Other methods include applying top-dressing materials, such as heavy layers of sand, colored sand, dark materials to harness solar warming, salts, and other compounds to melt snow and ice. Turfgrass managers also commonly use permeable or impermeable covers and their combination before snow in the fall season to protect putting greens or athletic fields (Frank, 2016). Permeable covers will allow for gas exchange, but they can allow ice layers to accumulate under the cover. Impermeable covers allow for no ice or water to reach the turf putting green canopy; however, they do not allow for adequate gas exchange to occur. This results in venting of the putting green to be required so that gas exchange can occur periodically (Rochette et al., 2006). Unseasonal temperatures such as late warm fall periods or early warm spring periods followed by cold make it difficult to know when the right time is to apply covers. It can also be costly to purchase covers and labor intensive to install cover systems.
Potential management strategies
Solutions that can be used on larger turf areas, are less labor intensive, and have fewer drawbacks, such as difficulty in timing management strategies due to annual weather changes, are needed to improve turfgrass tolerance to ice encasement stress. Climate change may increase ice encasement incidence and freeze/thaw periods in spring. Chemical applications of protective compounds or plant growth regulators (PGRs) have been proposed to increase turfgrass overwinter survival for large areas. To adequately develop these proposed methods, a better understanding of the physiological relationships between cold acclimation and ice encasement tolerance and spring recovery is needed.
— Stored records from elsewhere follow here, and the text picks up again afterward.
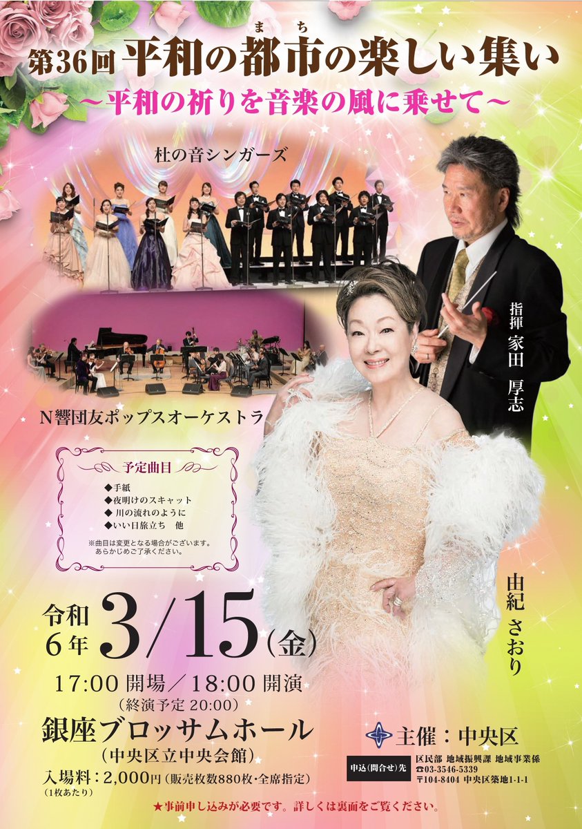 「平和の都市(まち)の楽しい集い」は音楽を通じて平和の大切さを改めて考える行事です。今回は、由紀さおりさん、指揮 家田厚志さん、杜の音シンガーズ、N響団友ポップスオーケストラをお迎えしてご演奏いただきます。
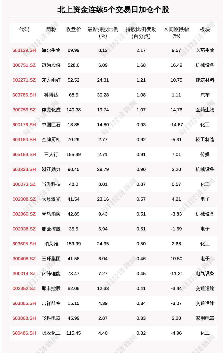 2丨整点投资丨揭秘北上资金:连续5日加仓这42只个股(附名单)
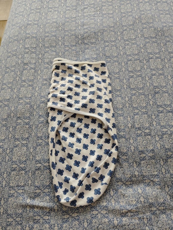 Yumuşak ve sıcak bebek kundak örtüsü, açık zemin üzerinde mavi ve gri çiçek desenlerine sahip.
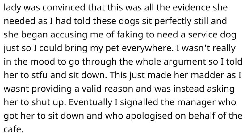 4. The woman was not agreeing with the fact that it was a service dog and instead made OP more comfortable, when OP gave her a shut up call she got mad and the manager had to come to handle the situation and apologize
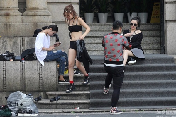 Với việc phải thay hàng trăm bộ trang phục để chụp hình, các người mẫu cho một cửa hàng quần áo ở Trung Quốc đã quyết định tiết kiệm thời gian và đã thay đồ ngay tại chỗ.
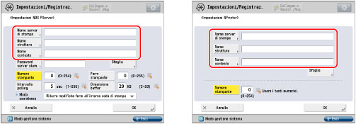 Le impostazioni relative al servizio di stampa possono essere specificate selezionando le opzioni dall'elenco visualizzato quando si preme [Sfoglia] o immettendo la stringa di caratteri per ciascuna voce.
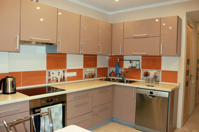 у нас тоже почти такое же расположение, вот нашли недостаток - при открывании дверки под мойкой ( где у нас мусорка) дверка ручкой бьется в соседнюю дверку.Для сохранения внешнего вида надо наверное на эту дверь ставить какой-то механизм плавного открытия ( что бы не стукались). если существуют такие.Мы стараемся аккуратно открывать, но все равно кто-то стукнет, то в гости дети придут - махнут
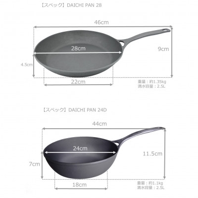 | 容量 | ■お礼品の内容について ・DAICHI PAN 22+26+28+24D[1セット(計4個)] 製造地:岩手県北上市 ■原材料・成分 鋳鉄 |

It may be possible to alter or regulate physiological properties occurring during cold acclimation to increase tolerance to ice encasement stress or allow for adequate resource conservation or storage for survival and recovery. Specific processes associated with plant acclimation include photosynthesis and respiration changes, carbohydrate allocation, plant water relations, shifts in membrane composition (fatty acids), hormone responses, and other metabolite changes (Thomashow, 1999). Turfgrass species exhibit differential mechanisms associated with cold acclimation. For instance, when carbohydrate metabolism begins to change in productivity during acclimation or become minimal during dormancy may influence overwintering and winter stress survival. Low respiration of winter wheat and some cool-season grasses has been shown to increase survival to winter conditions (Bertrand et al., 2003; Sagisaka et al., 1991). Identifying important traits such as photosynthesis and respiration rates during cold acclimation and how those processes may be altered by winter preparatory treatments to prepare turfgrasses for ice encasement survival needs additional investigation.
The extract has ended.